> _RECORDS SHOWN_
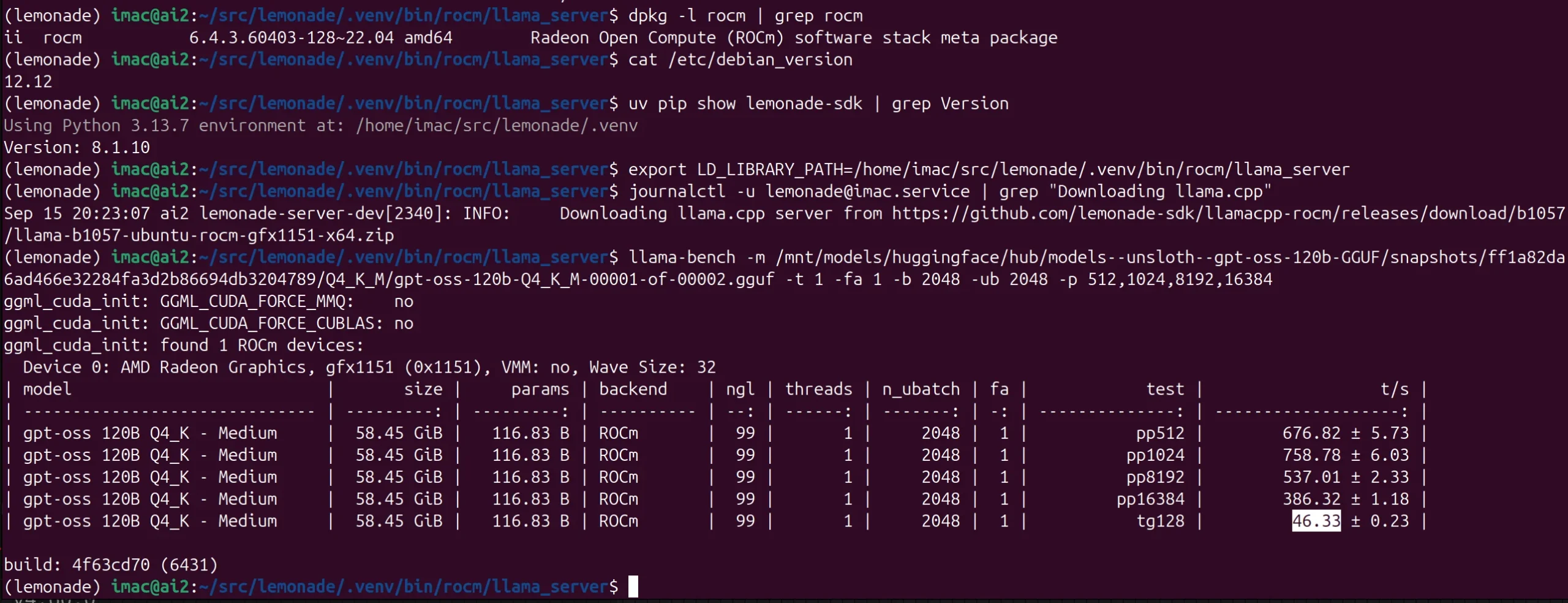GPT-OSS-120B – 46 t/s – Strix Halo – Debian 12 – ROCm 6.4 – LLAMA-ROCM b1057 (Lemonade v8.1.10)
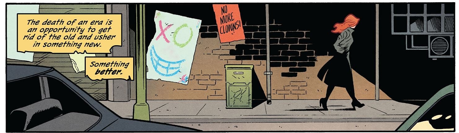 Babs finally gets up and leaves the diner. As she begins walking through Gotham, she joins in with what appear to be Gotham’s version of Antifa as they are tearing down statues and appear to have been launching projectiles in a protest.
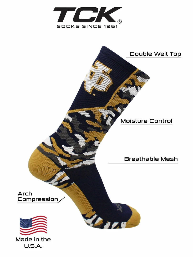 Cheap ๐Ÿ˜ TCK University Of Notre Dame ๐Ÿงฆ Socks Fighting Irish Woodland Camo Crew Length ๐Ÿ˜€
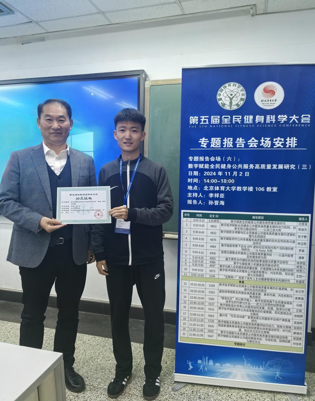 11月1-3日,由中国体育科学学会主办、北京体育大学承办的“第五届全民健身科学大会”在北京体育大学召开。公司运动2203班员工王琳应邀参加大会并在“数字赋能全民健身公共服务高质量发展研究”会场以《数字赋能城乡体育公共服务协同发展:机理、阻滞与对策》(指导教师:高奎亭)为题做专题汇报,这是近年来体育公司员工科研论文首次被国家一级学术会议所录用。
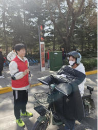 3月3日,体育学院组织志愿者在学校北门外十字路口进行文明劝导和垃圾清理活动。
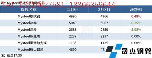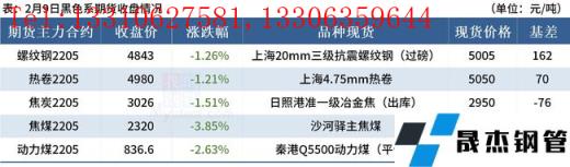 免責聲明:本網站(山東聊城晟杰無縫鋼管廠m.yztongfa.com)刊載的“2022年02月09日晚餐:黑色期貨全線跳水,鋼坯利潤升至345元”等均源于網絡,版權歸原作者所有,且僅代表原作者觀點,本文所載信息僅供參考。轉載僅為學習與交流之目的,如無意中侵犯您的合法權益,請及時聯系刪除。本網站刊登此篇文章并不意味著本站贊同其觀點或證實其內容的真實性,我們不對其科學性、嚴肅性等作任何形式的保證。如果侵犯了您的版權,請盡快聯系我們予以撤銷,謝謝合作!
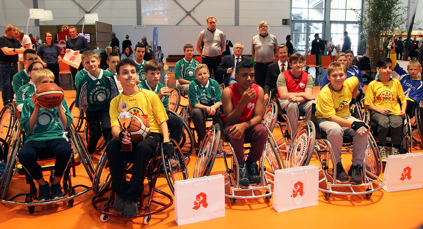 Eines der Messehighlights fand bereits am ersten Messetag statt: Das Schulturnier im Rollstuhlbasketball um den Apothekenpokal. Drei Mannschaften spielten um den ersten Platz. Am Ende setzte sich die LVR-Schule am Königsforst aus Rösrath durch. Andrea Milz, Staatssekretärin für Sport und Ehrenamt des Landes Nordrhein-Westfalen, lobte am Rande der Siegerehrung das erneute Engagement der Apothekerschaft in NRW für den Behindertensport. Marlene Langenberg-Nüsser überreichte den Apothekenpokal gemeinsam mit Frank Dieckerhoff. Beide betonten, dass man sich freue, beim diesjährigen Turnier den Nachwuchs zu fördern. Die Siegermannschaften erhielten darüber hinaus Medaillen und Basketbälle.
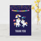 Cartões de agradecimentos com 2 unicórnios dançantes bonitos com caudas brilhantes e coloridas, e mano. Um arco-íris colorido com nuvens em cada lado acima de suas cabeças. Outros elementos incluem uma pequena flor, um coração e algumas estrelas. Fundo roxo escuro. Pontos de confete coloridos e uma imagem de banner de bunting ao longo do topo.
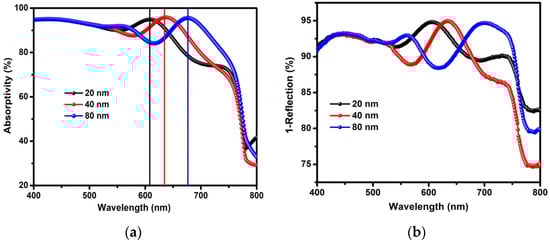 (a) The absorption of the 1 M device with different thickness (20 nm, 40 nm, 80 nm) of C60 ETL calculated by optical simulation. (b) Measured 1-reflection spectra for the 1 M device with different thickness of C60 ETL.
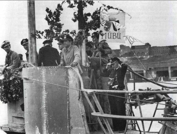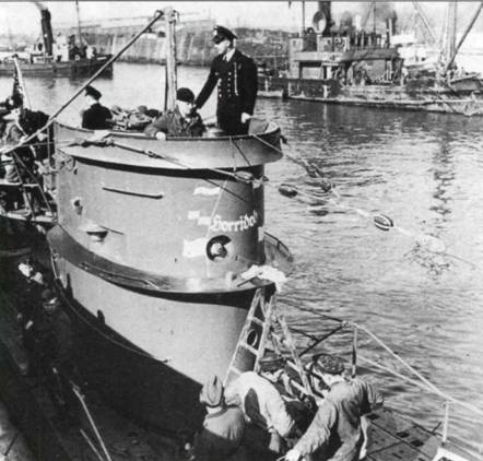 Элегантно камуфлированная лодка серии VIIC входит в один из французских портов, завершая боевой поход. Два победных флага, как это можно увидеть, развеваются на «командирском флагштоке». Эта лодка демонстрирует стандартные доработки военного времени: дополнительная выдвигающаяся штыревая антенна, которая на снимке частично выдвинута, и ее ограждение у левого борта рубки.
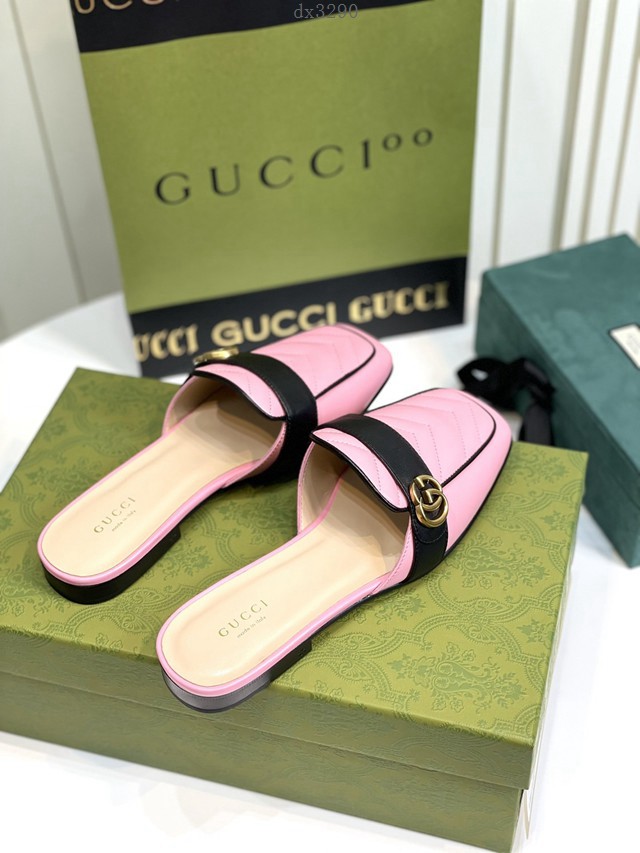 gucci羊皮半拖鞋 古馳22新款Gucci經典平底拖 dx3290
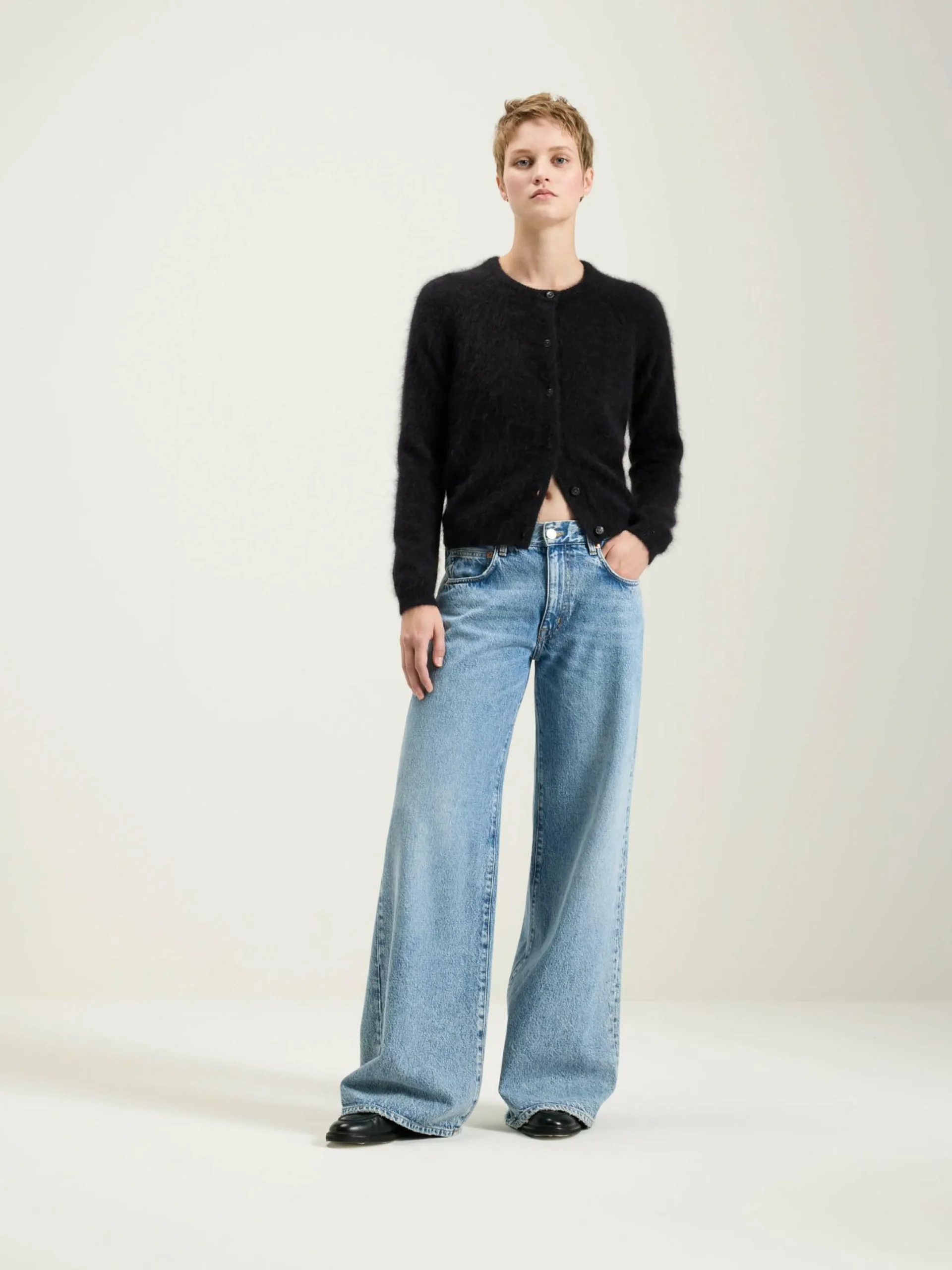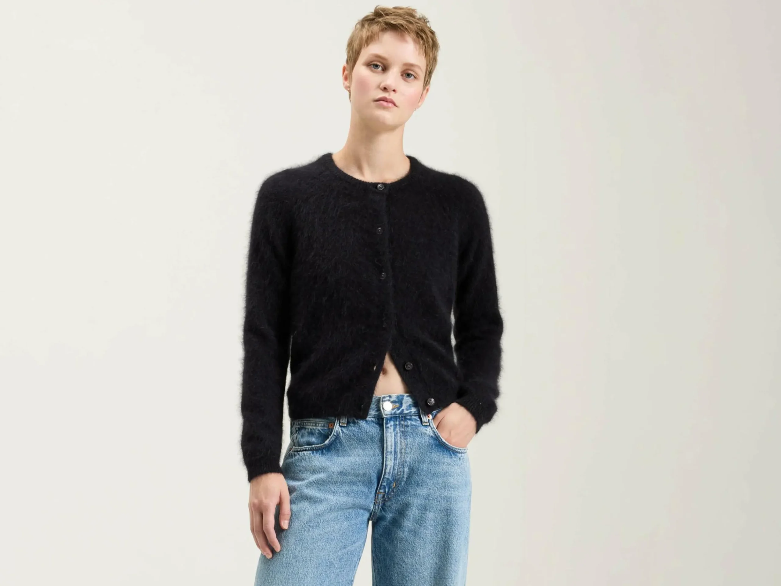 Cardigan classique noir à col rond et manches raglan en mélange d’angora.
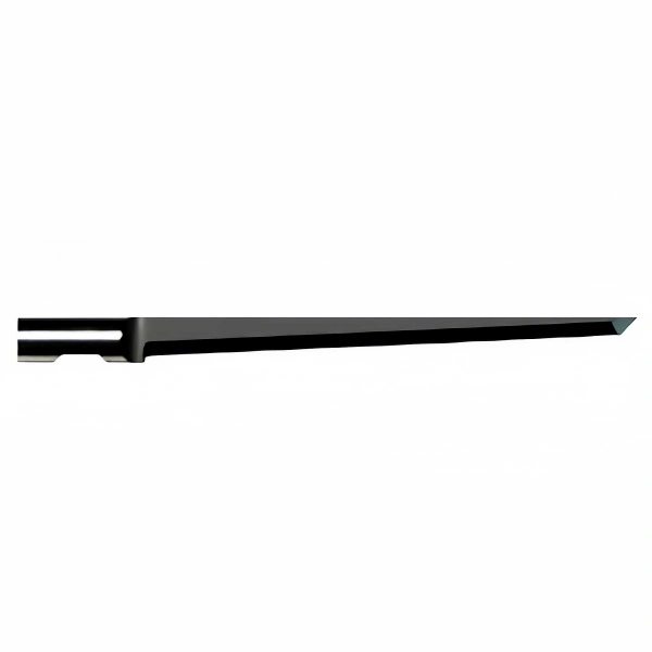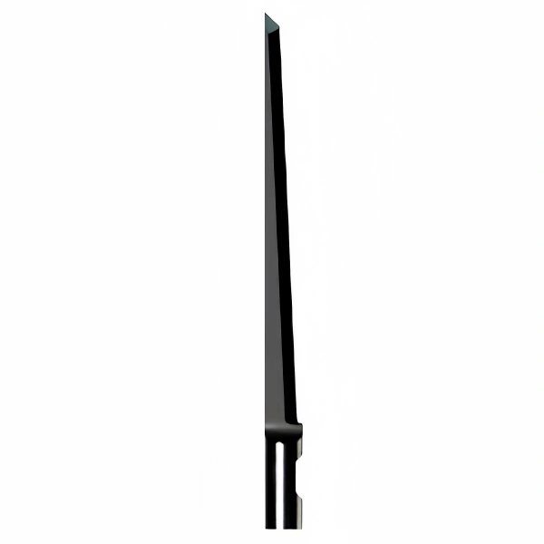 Blade for max. 55mm material thickness. 2.5* cutting angle enables very fine details with little over-cut in foam qualities with good cutting properties. Pointed tip for use with felt underlays

> _EXERCISE DETAILS_
Each entry is to be output exactly, and no picture is to appear.

> _RESULT_
GPT-OSS-120B – 46 t/s – Strix Halo – Debian 12 – ROCm 6.4 – LLAMA-ROCM b1057 (Lemonade v8.1.10)
 Babs finally gets up and leaves the diner. As she begins walking through Gotham, she joins in with what appear to be Gotham’s version of Antifa as they are tearing down statues and appear to have been launching projectiles in a protest.
 Cheap ๐Ÿ˜ TCK University Of Notre Dame ๐Ÿงฆ Socks Fighting Irish Woodland Camo Crew Length ๐Ÿ˜€
 11月1-3日,由中国体育科学学会主办、北京体育大学承办的“第五届全民健身科学大会”在北京体育大学召开。公司运动2203班员工王琳应邀参加大会并在“数字赋能全民健身公共服务高质量发展研究”会场以《数字赋能城乡体育公共服务协同发展:机理、阻滞与对策》(指导教师:高奎亭)为题做专题汇报,这是近年来体育公司员工科研论文首次被国家一级学术会议所录用。
 3月3日,体育学院组织志愿者在学校北门外十字路口进行文明劝导和垃圾清理活动。
 免責聲明:本網站(山東聊城晟杰無縫鋼管廠m.yztongfa.com)刊載的“2022年02月09日晚餐:黑色期貨全線跳水,鋼坯利潤升至345元”等均源于網絡,版權歸原作者所有,且僅代表原作者觀點,本文所載信息僅供參考。轉載僅為學習與交流之目的,如無意中侵犯您的合法權益,請及時聯系刪除。本網站刊登此篇文章并不意味著本站贊同其觀點或證實其內容的真實性,我們不對其科學性、嚴肅性等作任何形式的保證。如果侵犯了您的版權,請盡快聯系我們予以撤銷,謝謝合作!
 Eines der Messehighlights fand bereits am ersten Messetag statt: Das Schulturnier im Rollstuhlbasketball um den Apothekenpokal. Drei Mannschaften spielten um den ersten Platz. Am Ende setzte sich die LVR-Schule am Königsforst aus Rösrath durch. Andrea Milz, Staatssekretärin für Sport und Ehrenamt des Landes Nordrhein-Westfalen, lobte am Rande der Siegerehrung das erneute Engagement der Apothekerschaft in NRW für den Behindertensport. Marlene Langenberg-Nüsser überreichte den Apothekenpokal gemeinsam mit Frank Dieckerhoff. Beide betonten, dass man sich freue, beim diesjährigen Turnier den Nachwuchs zu fördern. Die Siegermannschaften erhielten darüber hinaus Medaillen und Basketbälle.
 Cartões de agradecimentos com 2 unicórnios dançantes bonitos com caudas brilhantes e coloridas, e mano. Um arco-íris colorido com nuvens em cada lado acima de suas cabeças. Outros elementos incluem uma pequena flor, um coração e algumas estrelas. Fundo roxo escuro. Pontos de confete coloridos e uma imagem de banner de bunting ao longo do topo.
 (a) The absorption of the 1 M device with different thickness (20 nm, 40 nm, 80 nm) of C60 ETL calculated by optical simulation. (b) Measured 1-reflection spectra for the 1 M device with different thickness of C60 ETL.
 Элегантно камуфлированная лодка серии VIIC входит в один из французских портов, завершая боевой поход. Два победных флага, как это можно увидеть, развеваются на «командирском флагштоке». Эта лодка демонстрирует стандартные доработки военного времени: дополнительная выдвигающаяся штыревая антенна, которая на снимке частично выдвинута, и ее ограждение у левого борта рубки.
 gucci羊皮半拖鞋 古馳22新款Gucci經典平底拖 dx3290
 Cardigan classique noir à col rond et manches raglan en mélange d’angora.
 Blade for max. 55mm material thickness. 2.5* cutting angle enables very fine details with little over-cut in foam qualities with good cutting properties. Pointed tip for use with felt underlays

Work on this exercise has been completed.